──────── Record set ────────
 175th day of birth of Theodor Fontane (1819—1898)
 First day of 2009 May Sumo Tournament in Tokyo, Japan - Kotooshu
────────
──────── Record set ────────
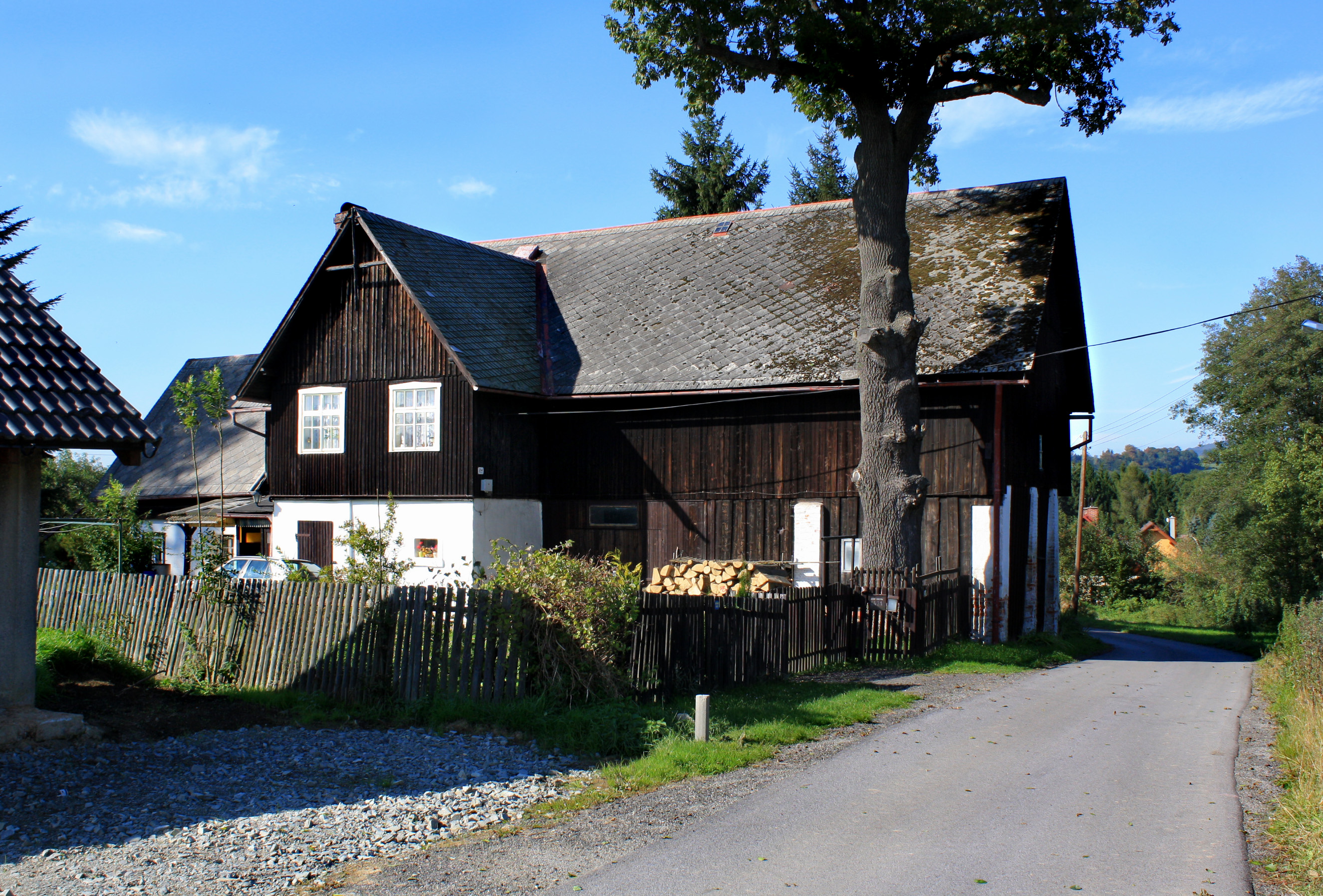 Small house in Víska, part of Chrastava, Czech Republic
────────
──────── Record set ────────
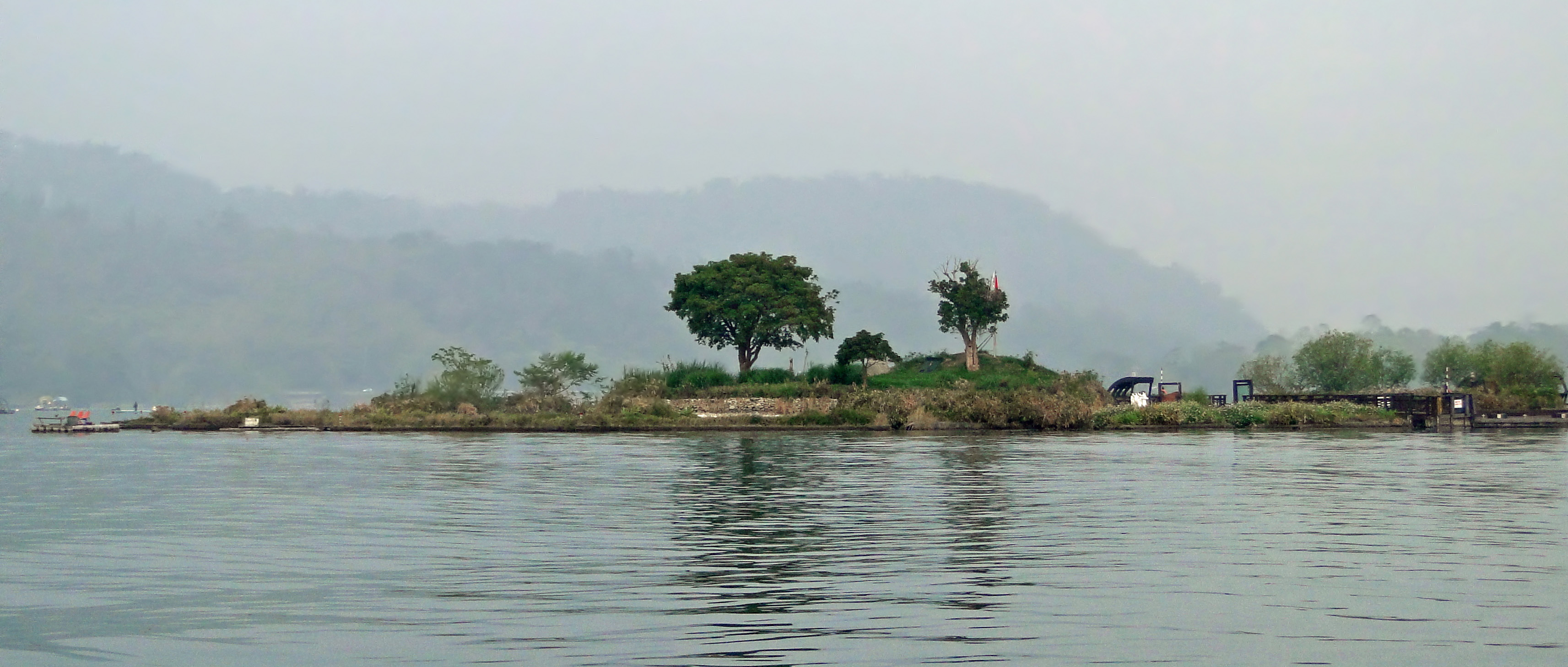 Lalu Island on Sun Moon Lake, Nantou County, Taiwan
────────
▶ [Activity]: Send back exactly the lines of the listing above starting at the one with "175th day of" and ending at the one with "First day of", inclusive, and no others.

▶ [Result for this exercise]:
 175th day of birth of Theodor Fontane (1819—1898)
 First day of 2009 May Sumo Tournament in Tokyo, Japan - Kotooshu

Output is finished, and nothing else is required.